The imputed data frame with the last column being the row number from the original dataset. During the procedure of the function, rows may be exchanged, thus a column of row number could keep track of the original row number and then help to find the shadow matrix.

Details

The imputation methods: This list displays all the imputation methods. Users can make one selection. (1) 'Below 10 NA's of one variable will be replaced by the value which equals to the minimum of the variable minus 10 For categorical variables, NA's are treated as a new category. Under this status the selected conditioning variables are ignored. If the data are already imputed, then this item will show the imputed result. (2) 'Simple' will create three tabs: Median, Mean, and Random Value. 'Median' means NA's will be replaced by the median of this variable (omit NA's). 'Mean' means NA's will be replaced by the mean of the variable (omit NA's). The median does not apply to the nominal variable, neither does the mean to the categorical variable. In these cases the mode (omit NA's) is provided. 'Random Value' means NA's will be replaced by any values of this variable (omit NA's) which are randomly selected. (3) 'Neighbor' contains two methods: 'Average Neighbor' and 'Random Neighbor'. 'Average Neighbor' will replace the NA's by the mean of the nearest neighbors. 'Random Neighbor' substitutes the missing for a random sample of the k nearest neighbors. The number of neighbors is default to 5, and can be changed by argument knn.

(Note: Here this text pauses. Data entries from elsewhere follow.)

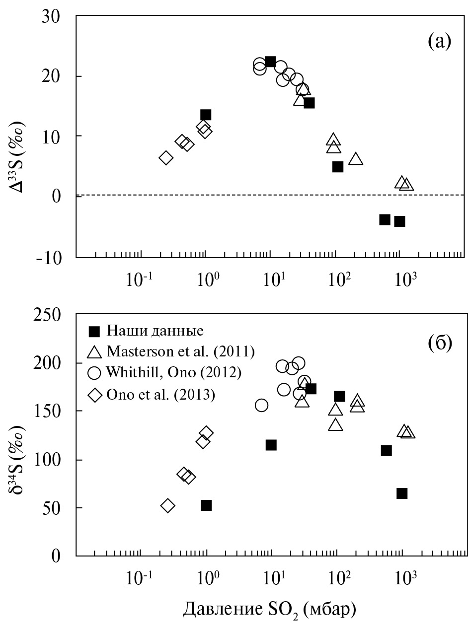 На рис. 4 продемонстрировано поведение ∆33S и δ34S в зависимости от давления SО2. При увеличении давления SО2 в диапазоне 1−1013 мбар характер изотопных трендов δ34S и ∆33S изменялся с возрастающего на убывающий. Наблюдаемое поведение δ34S и ∆33S в целом хорошо согласуется с данными из предыдущих экспериментальных работ (Masterson et al., 2011; Whithill, Ono, 2012; Ono et al., 2013), в которых были использованы Xe и/или D2 лампы в качестве источника света для инициирования фотохимических процессов в различных диапазонах давления SО2. Данные из этих работ приведены на рис. 4 (а, б) для сравнения с результатами наших экспериментов. Можно видеть, что в наших экспериментах магнитуда изотопной аномалии ∆33S и значения δ34S возрастали с увеличением давления SО2, достигая своего максимума при рSО2около 10 мбар и 40 мбар соответственно. Такое поведение ∆33S и δ34S вполне согласуется с данными (Ono et al., 2013; Whithill, Ono, 2012). Наблюдаемый в наших экспериментах тренд на понижение ∆33S и δ34S значений при дальнейшем повышении давления SО2 согласуется с данными (Masterson et al., 2011). Обнаруженное сходство в поведении изотопных эффектов может свидетельствовать о том, что фракционирование изотопов в фотохимических процессах под действием излучения Hg лампы (в области длин волн >190 нм) реализовывалось в основном по такому же пути, что и при действии излучения Xe и D2 ламп.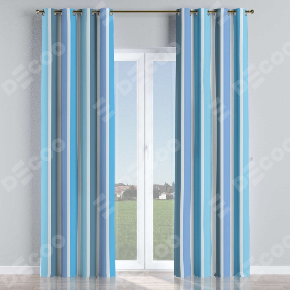 Комплект штор на люверсах «Сине-голубые вертикальные полоски» отлично подойдёт для интерьера дачи, гостиная и для комнаты.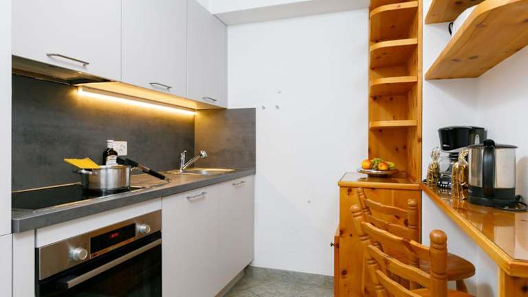 Die Ferienwohnung besteht aus einem Schlafzimmer, einem Wohnzimmer, einer voll ausgestatteten Küche mit Kühlschrank und Kaffeemaschine sowie einem Badezimmer mit Bidet und Dusche. Ein TV mit Kabelkanälen sorgt für Unterhaltung.

The Neighbor methods require at lease one case to be complete, at least two variables to be selected, and no factor/character variables. The ordered factors are treated as integers. The method will return the overall mean or a global random sample value if the observation only contains NA's. (4) 'MI:areg' uses function aregImpute from package Hmisc. It requires at lease one case to be complete, and at least two variables to be selected. (5) 'MI:norm' uses function imp.norm from package norm. It requires all selected variables to be numeric(at least integer), and at least two variables to be selected. Sometimes it cannot converge, then the programme will leave NA's without imputation. (6) 'MI:mice' uses the mice package. The methods of the variables containing NA's must be attached with argument method. If not, then default methods are used. (7) 'MI:mi' employes the mi package.